But books are no longer condensed wisdom. They’ve been made secular, robbed of their special status. The guy who writes a book isn’t an author any more. He’s just some asshole sitting in his pajamas. Why should I listen to what some author has to say? Authors are just slow bloggers, and bloggers are jerks.

How will we ensure that our descendants are wiser than we are if we rob them of the cultural and intellectual birthright our parents enjoyed, and their parents, and all the parents all the way back to Gutenberg? How can we expect the volume of human wisdom to grow, for humanity itself to become smarter, if we embrace the notion that our own opinions are as valid as anybody’s, and you shouldn’t listen to that author/journalist/blogger because he’s just some asshole?

There was a time when natural barriers of economics and logistics made it difficult to get one’s words into print. Doing so was an investment, one that separated the great thinkers from the asshole on the bus. Now we’ve removed those barriers, and surprise surprise, a great flood of assholes have washed over us, spewing out their vomitous expectorations in a way that’s superficially indistinguishable from the great words of the great thinkers — assuming there are any left.

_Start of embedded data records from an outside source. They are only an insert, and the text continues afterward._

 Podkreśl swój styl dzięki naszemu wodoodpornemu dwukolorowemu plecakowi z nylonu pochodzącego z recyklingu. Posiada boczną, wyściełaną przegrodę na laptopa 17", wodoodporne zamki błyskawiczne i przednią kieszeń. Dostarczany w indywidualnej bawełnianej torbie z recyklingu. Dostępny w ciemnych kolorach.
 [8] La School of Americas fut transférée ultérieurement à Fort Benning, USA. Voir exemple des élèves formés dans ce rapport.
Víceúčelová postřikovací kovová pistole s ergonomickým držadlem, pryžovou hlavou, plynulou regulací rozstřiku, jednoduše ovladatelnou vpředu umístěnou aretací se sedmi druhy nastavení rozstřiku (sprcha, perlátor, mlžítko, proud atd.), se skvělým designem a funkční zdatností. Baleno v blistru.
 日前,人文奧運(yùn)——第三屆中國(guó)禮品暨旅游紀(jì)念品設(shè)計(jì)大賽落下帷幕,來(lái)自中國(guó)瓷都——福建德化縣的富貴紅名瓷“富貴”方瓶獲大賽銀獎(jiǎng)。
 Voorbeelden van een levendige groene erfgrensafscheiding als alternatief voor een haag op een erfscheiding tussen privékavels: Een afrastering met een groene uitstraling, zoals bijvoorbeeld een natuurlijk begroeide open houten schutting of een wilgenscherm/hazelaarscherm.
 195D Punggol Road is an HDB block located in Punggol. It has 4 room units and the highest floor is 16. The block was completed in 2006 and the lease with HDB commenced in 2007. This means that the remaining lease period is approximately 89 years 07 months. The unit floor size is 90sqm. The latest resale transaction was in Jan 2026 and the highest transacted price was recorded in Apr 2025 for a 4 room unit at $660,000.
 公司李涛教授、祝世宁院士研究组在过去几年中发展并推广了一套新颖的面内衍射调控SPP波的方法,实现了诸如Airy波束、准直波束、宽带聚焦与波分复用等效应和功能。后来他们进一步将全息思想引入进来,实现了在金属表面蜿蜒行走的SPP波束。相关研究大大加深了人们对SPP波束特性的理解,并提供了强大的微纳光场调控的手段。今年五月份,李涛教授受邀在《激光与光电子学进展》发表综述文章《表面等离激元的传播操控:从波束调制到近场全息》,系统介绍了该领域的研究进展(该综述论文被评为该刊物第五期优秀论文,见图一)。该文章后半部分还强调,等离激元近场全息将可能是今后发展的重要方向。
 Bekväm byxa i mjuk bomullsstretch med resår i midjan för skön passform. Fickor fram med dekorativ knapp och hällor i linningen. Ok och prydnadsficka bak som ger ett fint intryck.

The naive respond by believing everything they read — or, God help us, watch on YouTube. The cynical shut their minds to all opinion and thought, acting on the entirely rational assumption that ninety-nine percent of everything they hear is bullshit.

As a result, we breed a generation made up of the foolish and the ignorant in equal proportions.

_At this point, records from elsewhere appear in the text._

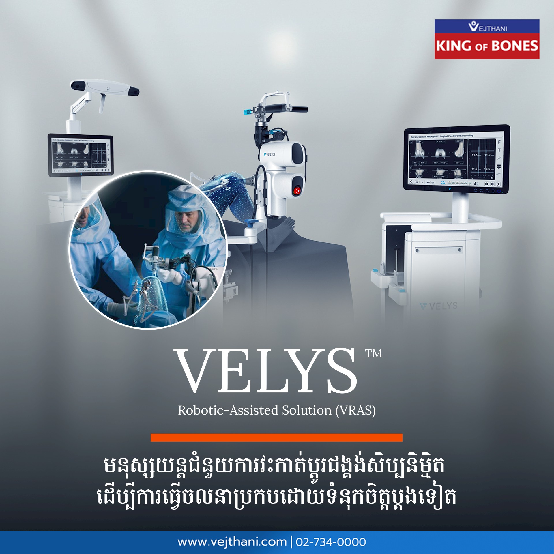ការវះកាត់ជង្គង់ដោយមនុស្សយន្ត VELYS™ ជំនាន់ថ្មី ជួយឲ្យអ្នកជំងឺដើរបានក្នុងរយៈពេល 6 ម៉ោងបន្ទាប់វះកាត់។ ស្គាល់រោគសញ្ញា មូលហេតុ និងលទ្ធផលព្យាបាលសម្រាប់ជំងឺរលាកសន្លាក់ជង្គង់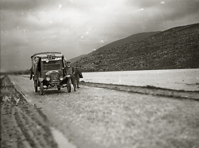 14. חורף 1928 על הדרך לחיפה בצד ערוץ הקישון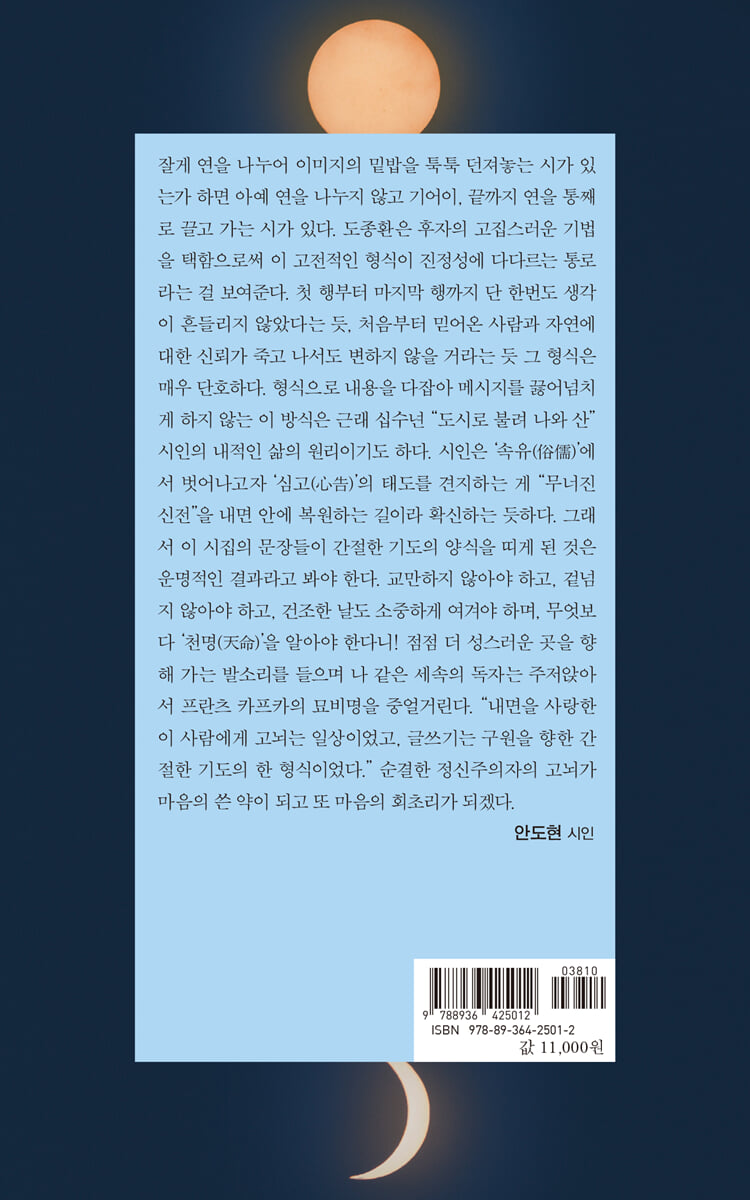 잘게 연을 나누어 이미지의 밑밥을 툭툭 던져놓는 시가 있는가 하면 아예 연을 나누지 않고 기어이, 끝까지 연을 통째로 끌고 가는 시가 있다. 도종환은 후자의 고집스러운 기법을 택함으로써 이 고전적인 형식이 진정성에 다다르는 통로라는 걸 보여준다. 첫 행부터 마지막 행까지 단 한번도 생각이 흔들리지 않았다는 듯, 처음부터 믿어온 사람과 자연에 대한 신뢰가 죽고 나서도 변하지 않을 거라는 듯 그 형식은 매우 단호하다. 형식으로 내용을 다잡아 메시지를 끓어넘치게 하지 않는 이 방식은 근래 십수년 “도시로 불려 나와 산” 시인의 내적인 삶의 원리이기도 하다. 시인은 ‘속유(俗儒)’에 서 벗어나고자 ‘심고(心告)’의 태도를 견지하는 게 “무너진 신전”을 내면 안에 복원하는 길이라 확신하는 듯하다. 그래서 이 시집의 문장들이 간절한 기도의 양식을 띠게 된 것은 운명적인 결과라고 봐야 한다. 교만하지 않아야 하고, 겉넘지 않아야 하고, 건조한 날도 소중하게 여겨야 하며, 무엇보다 ‘천명(天命)’을 알아야 한다니! 점점 더 성스러운 곳을 향해 가는 발소리를 들으며 나 같은 세속의 독자는 주저앉아서 프란츠 카프카의 묘비명을 중얼거린다. “내면을 사랑한 이 사람에게 고뇌는 일상이었고, 글쓰기는 구원을 향한 간절한 기도의 한 형식이었다.” 순결한 정신주의자의 고뇌가 마음의 쓴 약이 되고 또 마음의 회초리가 되겠다. - 안도현 (시인)
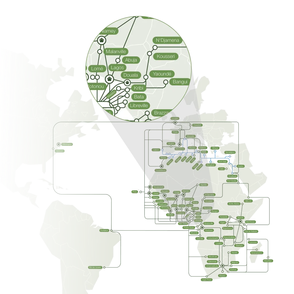 As part of the AFR-IX Telecom group, we combine our local presence in Douala and Yaoundé with a pan-African network backbone, enabling seamless connectivity between Cameroon, West Africa, and international markets.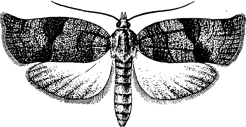 释义 | 苹果卷叶蛾apple leaf roller苹果等果树的卷叶害虫。又名黄色卷蛾,苹大卷叶蛾。学名Choristoneura longicellana (Walsingham)。鳞翅目,卷蛾科。已知于朝鲜、日本、苏联(西伯利亚)及中国黑龙江、吉林、辽宁、山东、河北、河南、安徽、江苏、湖北、陕西等省均有分布。幼虫为害苹果、梨、桃、樱桃、柿、杏、山楂、核桃、鼠李、栎、山槐、柳等。成虫体黄褐或暗褐色。雄虫翅展19~24毫米,头部有淡黄褐色鳞毛,前翅近四方形,前缘褶大,缺基段,全翅呈淡黄褐色,有深色基斑和中带,在近基部后缘有一黑斑,中室占全翅长的4/5。雌虫翅展23~24毫米,前翅呈长方形,前缘凸出,近顶角处凹陷,顶角突出,中室占全翅长的2/3~3/4,后翅灰褐,顶角黄色。卵扁椭圆形,初产时为黄绿色,后渐呈淡红褐色,卵粒聚产排列呈鱼鳞状。末龄幼虫长23~25毫米,黄绿色,体有细长刚毛,头、前胸背板及胸足黄褐色,前胸背板后缘黑褐色,近中线两侧各有一明显的深褐色斑,头壳上有栗棕或褐色斑,侧后部斑纹明显呈“山”形。蛹体长10~13毫米,红褐或深褐色,胸部背面黑褐色,尾端有8个钩状刺毛(见图)。 苹果卷叶蛾 |

In his apocalyptic poem “The Second Coming,” William Butler Yeats wrote, “The best lack all convictions, while the worst are filled with passionate intensity.” That’s as accurate a description of our present state of affairs as any I can think of.

Of course, if Yeats were alive today he’d have a blog, and no one would read it, and all his wonderful, perfect words would fall on deaf ears, and in a week they’d be forgotten as the lidless public eye turns toward a picture of a cat next to a cheeseburger.

Surely some revelation is at hand.

Posts that might or might not be related to this one

Comments


  1. Even before I could access the internet, I believed the written word especially in the service of journalism, was a whore. I’ve always felt the need to glean something close to fact what in I read and what I watched and draw my own conclusions.

    I’ll admit it wasn’t the cheap whore of most blogs. It carried a false air of ‘truthiness’ because it had an publishing establishment behind it.

    However that only served to give false credibility and in my opinion is more dangerous.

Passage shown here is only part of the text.